In order to help clean up the legal profession, Adam Kilgore of the Mississippi Bar will be giving away free, round-trip plane tickets to the North Pole where they keep their bar complaint forms (which are NOT available online). If you don't want to go to the North Pole, you can enjoy Brant Brantley's (of the Mississippi Commission on Judicial Performance) free guided tours of the quicksand field over by High Street where all complaints against judges disappear. If for some reason you are unable to control yourself, never fear; Judge Houston Patton will operate his jail where no lawyers are needed or allowed as you just sit there for minutes... hours.... months...years until he decides he is tired of you sitting in his jail. Do not think Judge Patton is a bad judge however as he plans to serve free Mad Dog 20/20 to all inmates.

Trollfest '09 is a pet-friendly event as well. Feel free to bring your dog with you and do not worry if your pet gets hungry, as employees of the Jackson Zoo will be on hand to provide some of their animals as food when it gets to be feeding time for your little loved one.

Relax at the Fox News Tent. Since there are only three blonde reporters in Jackson (being blonde is a requirement for working at Fox News), Megan and Kathryn from WAPT and Wendy from WLBT will be on loan to Fox. To gain admittance to the VIP section, bring either your Republican Party ID card or a Rebel Flag. Bringing both and a torn-up Obama yard sign will entitle you to free drinks served by Megan, Wendy, and Kathryn. Get your tickets now. Since this is an event for trolls, no ID is required. Just bring the hate. Bring the family, Trollfest '09 is for EVERYONE!!!

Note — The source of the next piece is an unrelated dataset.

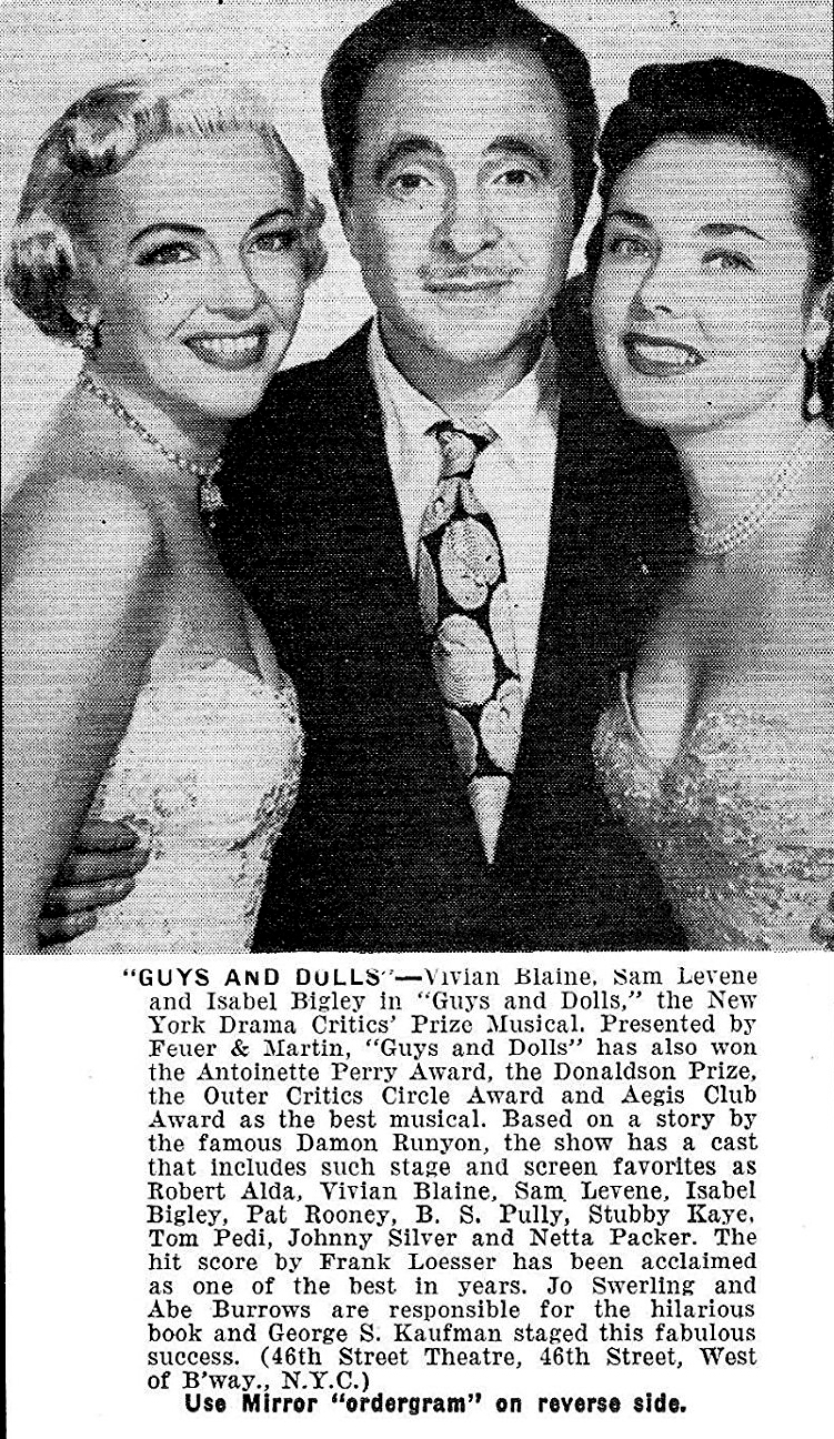 Viviane Blaine Sam Levene Isabel Bigley in the Original Broadway Production of Guys and Dolls
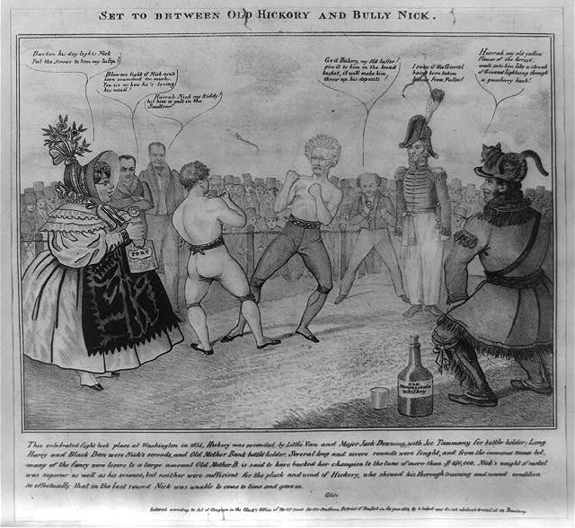 Satire on the public conflict between Andrew Jackson and Nicholas Biddle over the future of the Bank of the United States, and the former's campaign to destroy it. The print is sympathetic to Jackson, portraying him as the champion of the common man against the moneyed interests of the Bank. In the center Biddle (left) and Andrew Jackson square off. An obese woman, Mother Bank, holding a bottle of port stands beside Biddle. Behind her are Biddle supporters Daniel Webster and Henry Clay. Mother Bank: "Darken his day lights, Nick Put the Screws to him my tulip!" Webster: "Blow me tight if Nick ain't been crammed too much{under} You see as how he's losing his wind!" On the right are Jackson's supporters: Martin Van Buren, Major Jack Downing and "Joe Tammany," a frontiersman in buckskins and raccoon cap. On the ground next to Tammany is a bottle of "Old Monongohala Whiskey." Downing: "I swan if the Ginral hain't been taken lessons from Fuller!" Tammany: "Hurrah my old yallow flower of the forrest, walk into him like a streak of Greased lightning through a gooseberry bush!" Below a mock account of the event, as reported in the Washington "Globe," is given: "This celebrated fight took place at Washington in 1834, . . . Several long and severe rounds were fought, and from the immense sums bet, many of the fancy were losers to a large amount Old Mother B. is said to have backed her champion to the tune of more than {dollar}150,000--Nick's weight of metal was superior as well as his science, but neither were sufficient for the pluck and wind of Hickory, who shewed his through training and sound condition so effectually that in the last round Nick was unable to come to time and gave in. This impression lacks the imprint "Drawn by one of the Fancy" found on impressions cited by Weitenkampf and Murrell.

This is definitely a Beaver production.


Note: Security provided by INS.

Trollfest '07

Jackson Jambalaya is the home of Trollfest '07. Catch this great event which promises to leave NE Jackson & Fondren in flames. Sonjay Poontang and his band headline the night with a special steel cage, no time limit "loser must leave town" bout between Alan Lange and "Big Cat"Donna Ladd following afterwards. Kamikaze will perform his new song F*** Bush, he's still a _____. Did I mention there was no referee? Dr. Heddy Matthias and Lori Gregory will face off in the undercard dueling with dangling participles and other um, devices. Robbie Bell will perform Her two latest songs: My Best Friends are in the Media and Mama's, Don't Let Your Babies Grow up to be George Bell. Sid Salter of The Clarion-Ledger will host "Pin the Tail on the Trial Lawyer", sponsored by State Farm.

There will be a hugging booth where in exchange for your young son, Frank Melton will give you a loooong hug. Trollfest will have a dunking booth where Muhammed the terrorist will curse you to Allah as you try to hit a target that will drop him into a vat of pig grease. However, in the true spirit of Separate But Equal, Don Imus and someone from NE Jackson will also sit in the dunking booth for an equal amount of time. Tom Head will give a reading for two hours on why he can't figure out who the hell he is. Cliff Cargill will give lessons with his .80 caliber desert eagle, using Frank Melton photos as targets. Tackleberry will be on hand for an autograph session. KIM Waaaaaade will be passing out free titles and deeds to crackhouses formerly owned by The Wood Street Players.

If you get tired come relax at the Fox News Tent. To gain admittance to the VIP section, bring either your Republican Party ID card or a Rebel Flag. Bringing both will entitle you to free drinks.Get your tickets now. Since this is an event for trolls, no ID is required, just bring the hate. Bring the family, Trollfest '07 is for EVERYONE!!!

This is definitely a Beaver production.

Note: Security provided by INS
.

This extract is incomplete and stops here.